Only the lines below from the one containing "Y2K Lace Vintage" through the one containing "电子竞技连续第二年成为最具增" belong in the answer, set down exactly, with the pictures left out.

[Opening Supplied information section]

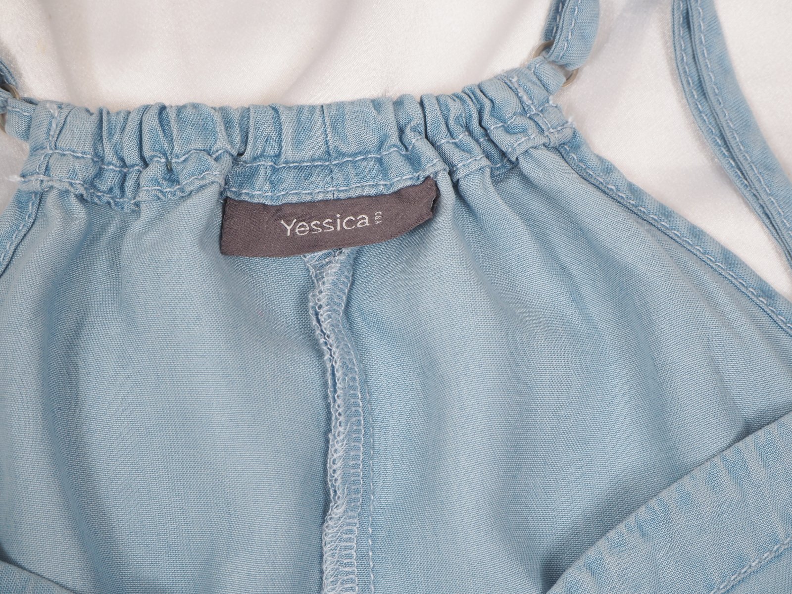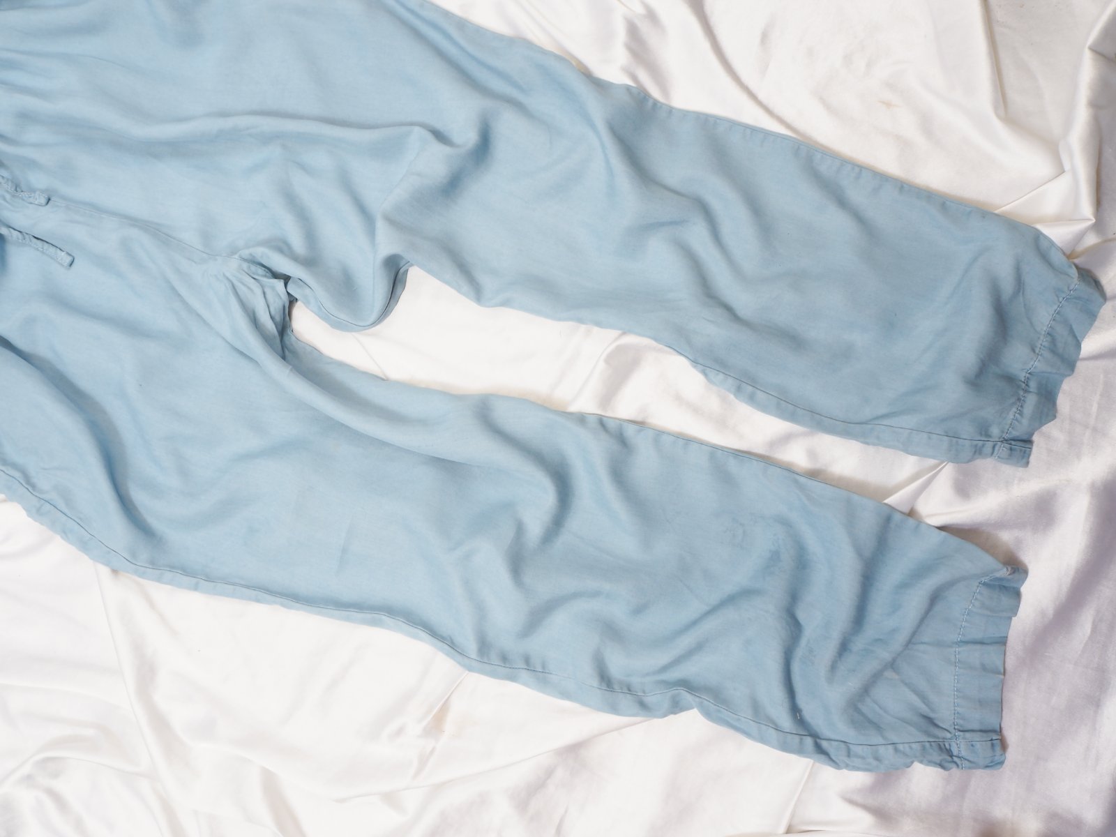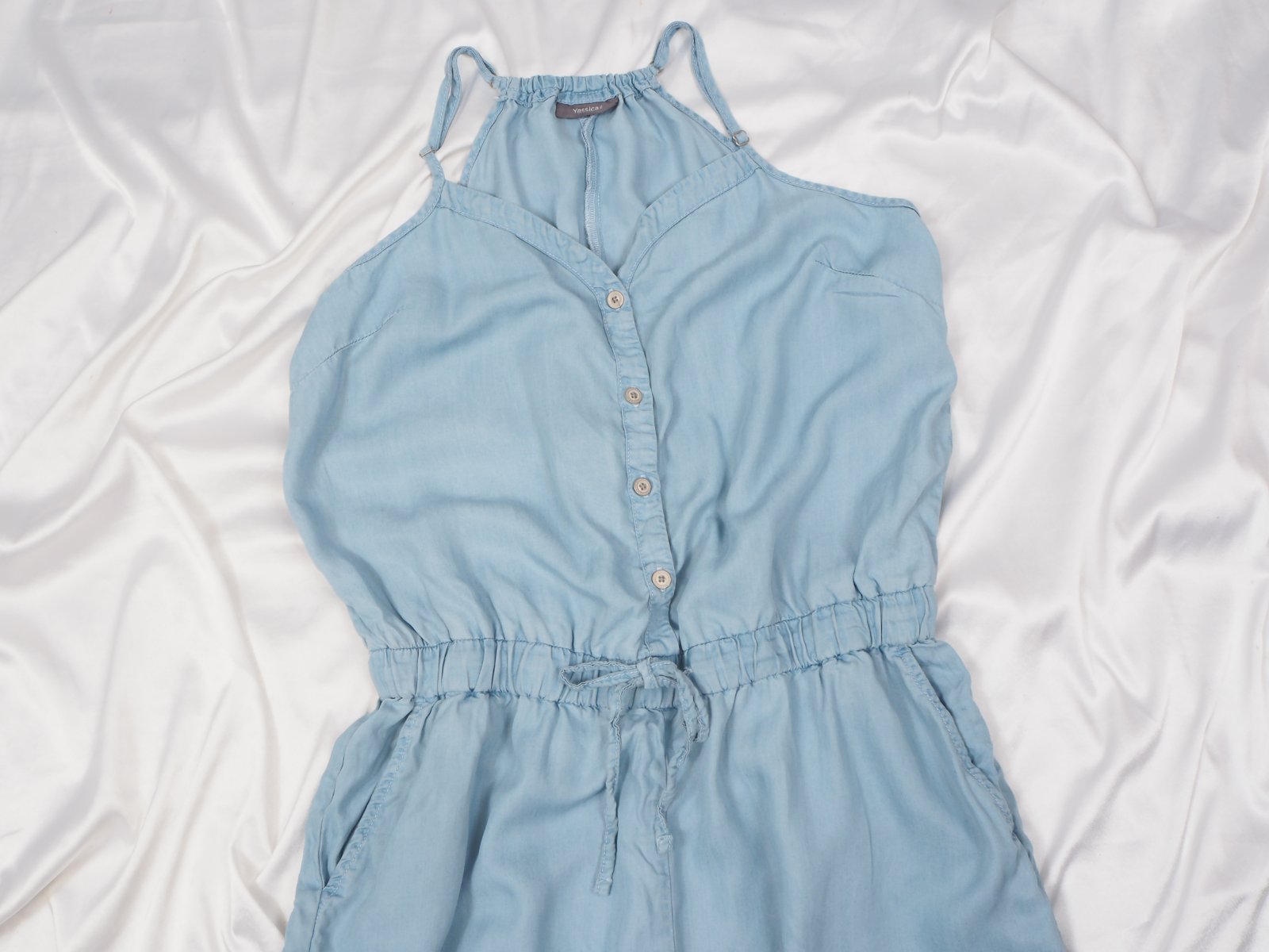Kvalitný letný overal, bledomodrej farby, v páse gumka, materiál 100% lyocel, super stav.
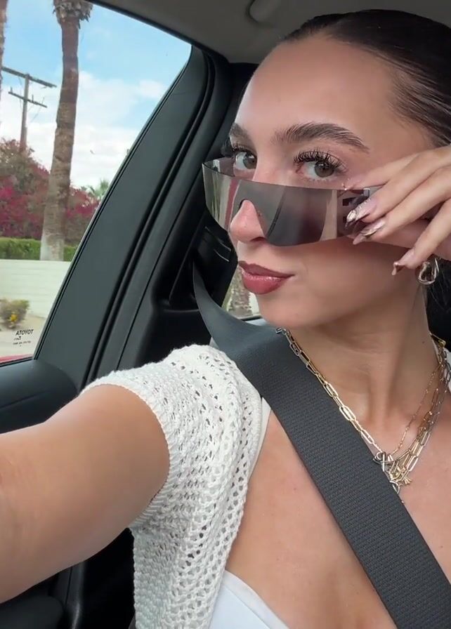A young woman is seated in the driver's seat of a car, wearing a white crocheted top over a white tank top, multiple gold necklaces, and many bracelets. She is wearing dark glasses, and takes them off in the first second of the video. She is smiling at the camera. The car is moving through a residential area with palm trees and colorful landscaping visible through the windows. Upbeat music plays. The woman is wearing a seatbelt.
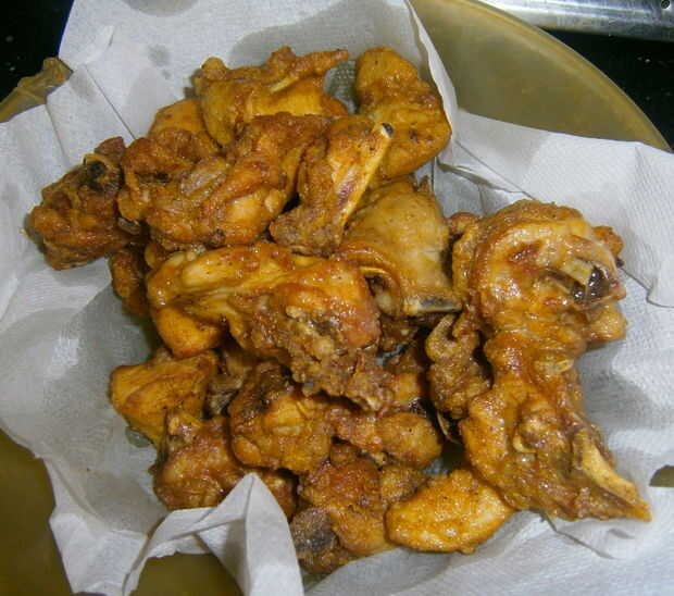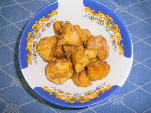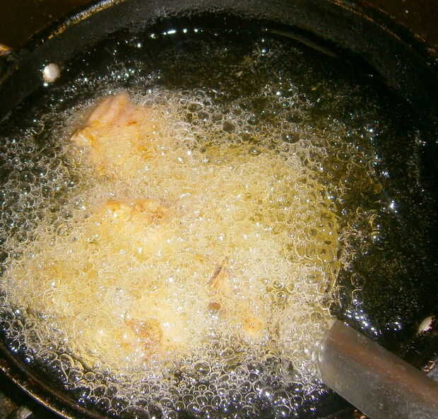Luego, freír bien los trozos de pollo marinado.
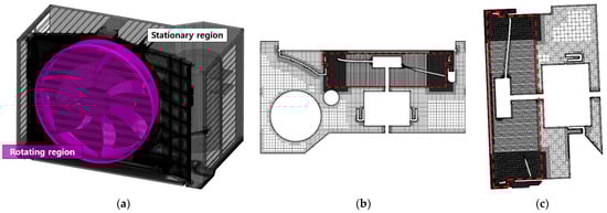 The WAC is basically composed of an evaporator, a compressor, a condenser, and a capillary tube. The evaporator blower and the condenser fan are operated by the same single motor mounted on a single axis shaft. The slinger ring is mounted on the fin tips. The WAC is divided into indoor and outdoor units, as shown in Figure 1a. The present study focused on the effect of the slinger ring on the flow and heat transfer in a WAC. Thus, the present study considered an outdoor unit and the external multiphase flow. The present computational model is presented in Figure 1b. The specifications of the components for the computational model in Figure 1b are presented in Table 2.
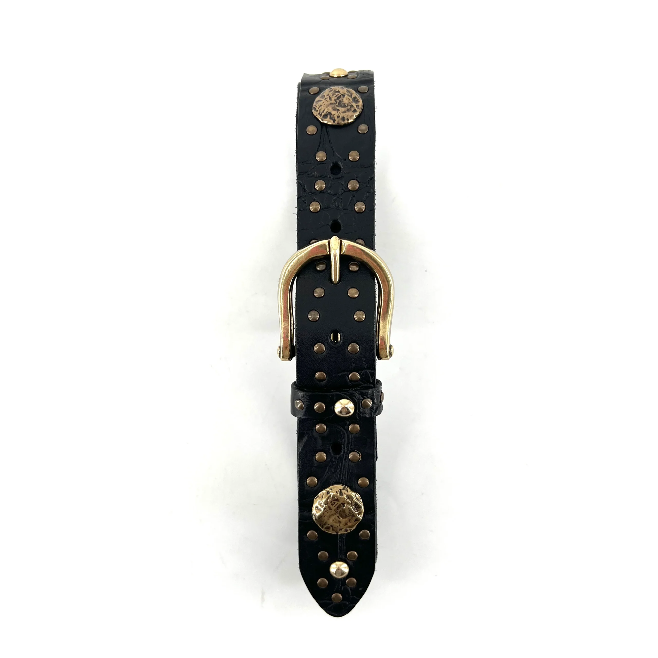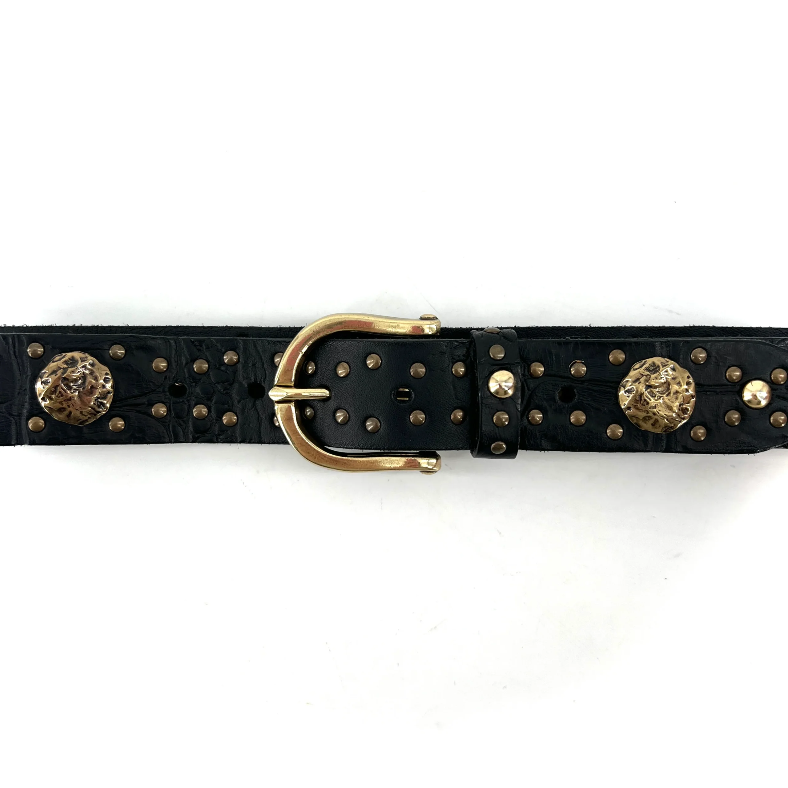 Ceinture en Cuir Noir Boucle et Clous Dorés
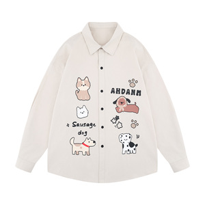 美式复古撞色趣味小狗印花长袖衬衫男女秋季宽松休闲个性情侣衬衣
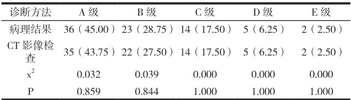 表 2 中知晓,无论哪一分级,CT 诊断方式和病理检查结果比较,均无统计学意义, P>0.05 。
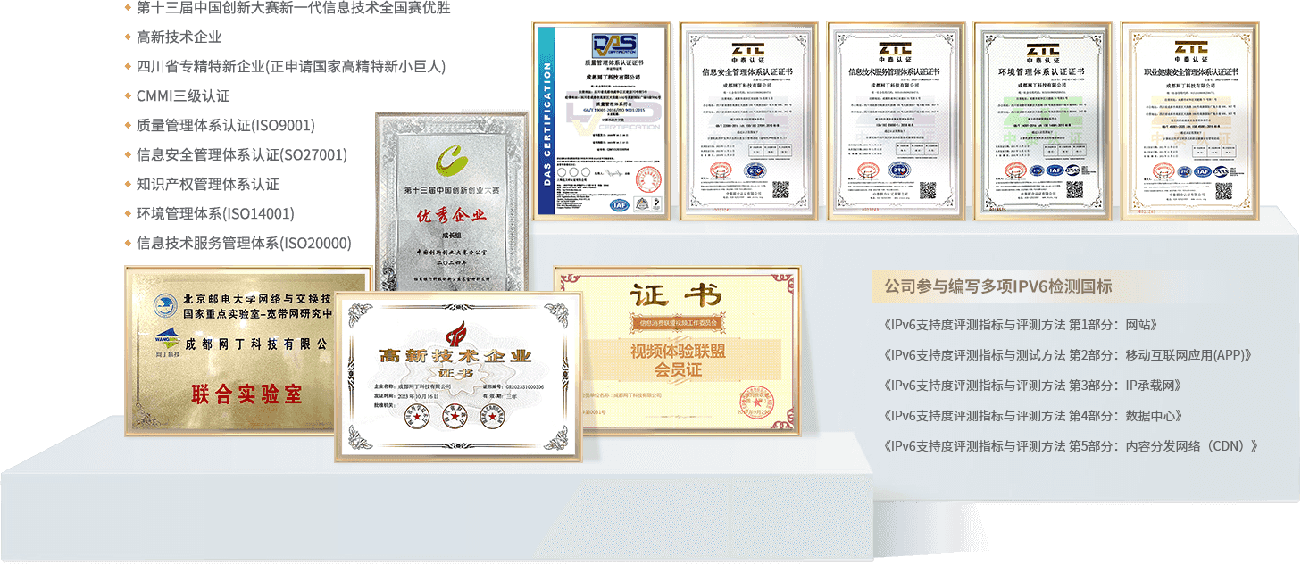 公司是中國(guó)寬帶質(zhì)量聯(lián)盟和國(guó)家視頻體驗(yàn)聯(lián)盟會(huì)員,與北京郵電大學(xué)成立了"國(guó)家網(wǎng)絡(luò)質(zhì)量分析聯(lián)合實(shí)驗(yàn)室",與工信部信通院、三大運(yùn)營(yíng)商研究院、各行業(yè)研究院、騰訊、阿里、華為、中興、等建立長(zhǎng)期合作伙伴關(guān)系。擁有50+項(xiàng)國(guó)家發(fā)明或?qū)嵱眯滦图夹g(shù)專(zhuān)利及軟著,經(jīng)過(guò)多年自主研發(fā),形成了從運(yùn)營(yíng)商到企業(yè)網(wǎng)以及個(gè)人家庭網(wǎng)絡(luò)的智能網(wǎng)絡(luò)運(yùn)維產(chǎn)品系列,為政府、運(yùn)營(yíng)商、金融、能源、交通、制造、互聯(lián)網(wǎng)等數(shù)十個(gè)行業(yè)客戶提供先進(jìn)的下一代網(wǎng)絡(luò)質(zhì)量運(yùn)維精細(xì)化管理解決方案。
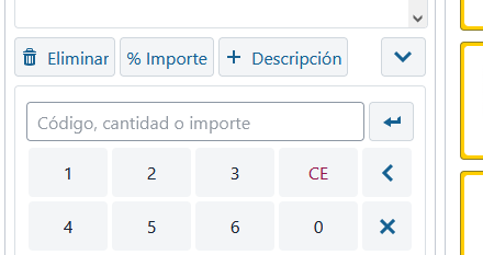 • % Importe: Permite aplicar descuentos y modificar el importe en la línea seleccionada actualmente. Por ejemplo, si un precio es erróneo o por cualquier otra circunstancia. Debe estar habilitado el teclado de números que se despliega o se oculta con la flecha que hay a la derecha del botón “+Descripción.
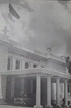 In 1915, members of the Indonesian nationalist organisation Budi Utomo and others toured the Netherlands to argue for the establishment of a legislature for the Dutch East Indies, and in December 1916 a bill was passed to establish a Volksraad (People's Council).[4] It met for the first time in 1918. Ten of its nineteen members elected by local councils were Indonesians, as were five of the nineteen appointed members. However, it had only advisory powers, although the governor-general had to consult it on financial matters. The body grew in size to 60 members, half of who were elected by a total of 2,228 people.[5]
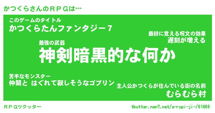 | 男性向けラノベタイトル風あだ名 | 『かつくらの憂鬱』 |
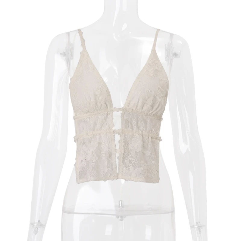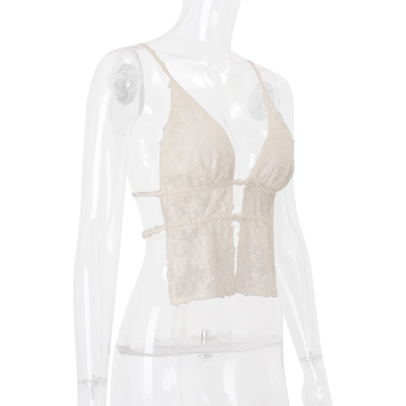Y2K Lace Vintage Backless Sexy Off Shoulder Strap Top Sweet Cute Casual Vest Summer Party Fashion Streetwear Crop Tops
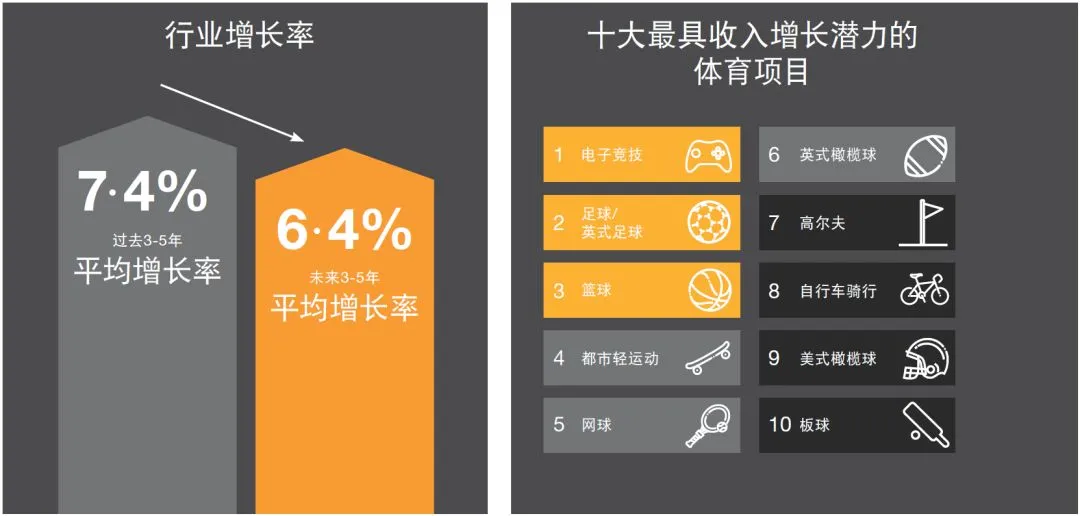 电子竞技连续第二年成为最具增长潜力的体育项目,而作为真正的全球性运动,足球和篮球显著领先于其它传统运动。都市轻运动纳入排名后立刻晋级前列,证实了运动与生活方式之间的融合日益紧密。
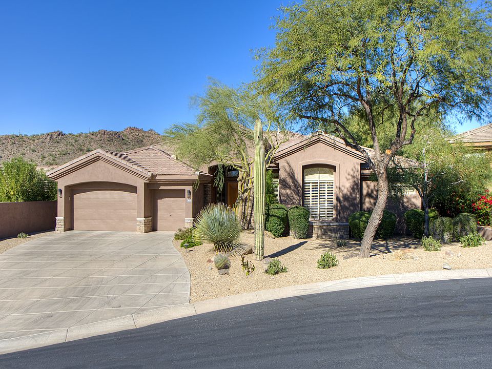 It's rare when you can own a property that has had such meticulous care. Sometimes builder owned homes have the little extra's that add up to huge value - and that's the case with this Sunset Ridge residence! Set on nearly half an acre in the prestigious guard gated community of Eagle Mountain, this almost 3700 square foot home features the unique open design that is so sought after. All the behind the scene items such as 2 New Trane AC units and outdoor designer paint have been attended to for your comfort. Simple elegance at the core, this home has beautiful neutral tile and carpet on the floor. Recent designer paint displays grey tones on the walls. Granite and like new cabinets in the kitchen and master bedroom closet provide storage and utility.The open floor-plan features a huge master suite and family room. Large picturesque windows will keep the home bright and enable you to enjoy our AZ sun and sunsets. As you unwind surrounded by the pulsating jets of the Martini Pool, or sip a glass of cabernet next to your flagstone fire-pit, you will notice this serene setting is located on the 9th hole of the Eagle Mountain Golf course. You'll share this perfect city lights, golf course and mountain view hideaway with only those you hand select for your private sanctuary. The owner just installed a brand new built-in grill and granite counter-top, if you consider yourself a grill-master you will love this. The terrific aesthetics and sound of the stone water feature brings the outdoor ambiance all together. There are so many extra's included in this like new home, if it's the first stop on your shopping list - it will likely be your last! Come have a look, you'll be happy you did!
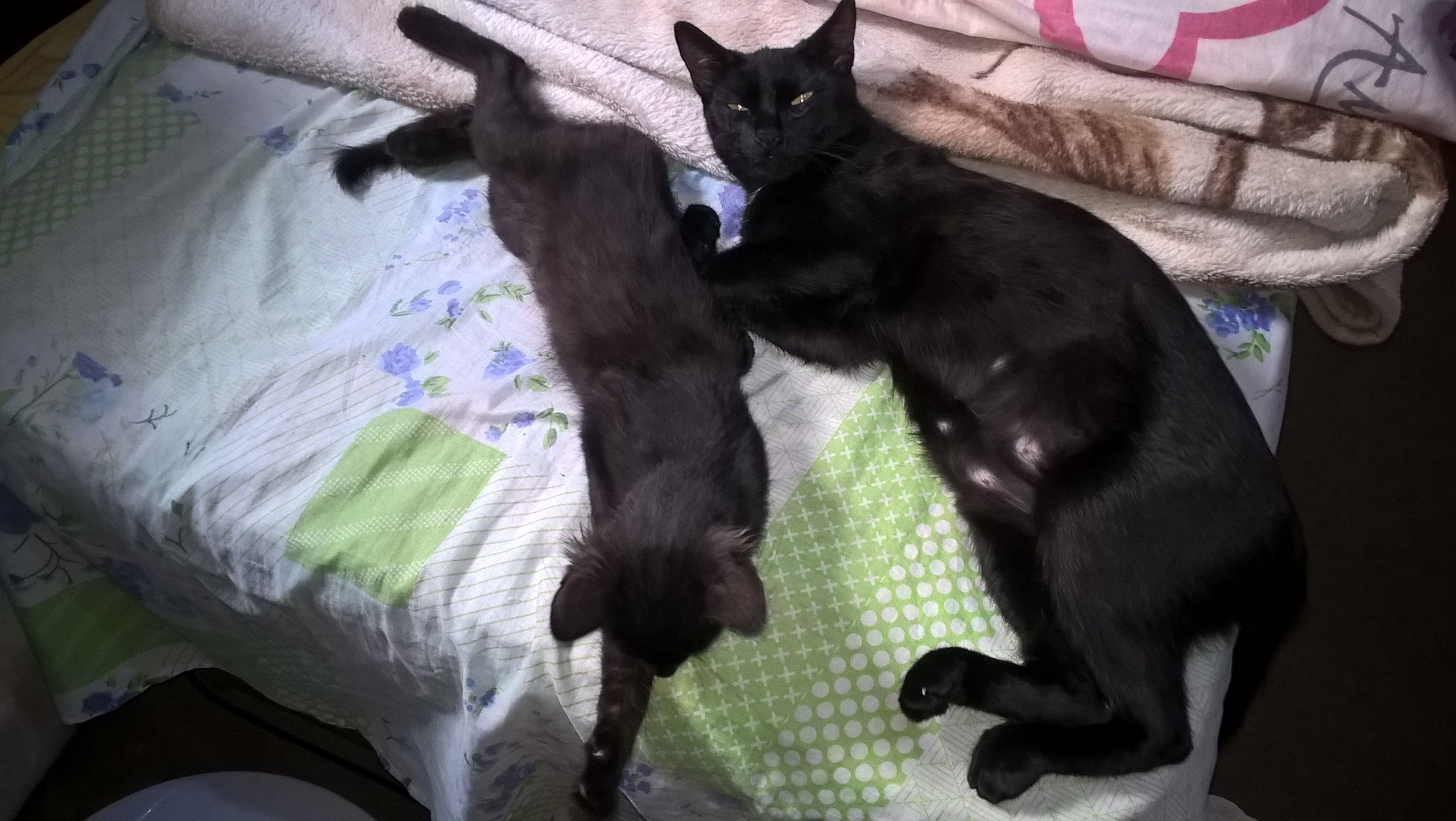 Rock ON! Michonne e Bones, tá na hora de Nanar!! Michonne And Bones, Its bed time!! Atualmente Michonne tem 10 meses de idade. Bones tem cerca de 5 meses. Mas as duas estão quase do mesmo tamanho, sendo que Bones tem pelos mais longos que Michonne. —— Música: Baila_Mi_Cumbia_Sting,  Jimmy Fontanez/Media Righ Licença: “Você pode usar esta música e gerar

[Closing Supplied information section]

** Exercise response **
Y2K Lace Vintage Backless Sexy Off Shoulder Strap Top Sweet Cute Casual Vest Summer Party Fashion Streetwear Crop Tops
 电子竞技连续第二年成为最具增长潜力的体育项目,而作为真正的全球性运动,足球和篮球显著领先于其它传统运动。都市轻运动纳入排名后立刻晋级前列,证实了运动与生活方式之间的融合日益紧密。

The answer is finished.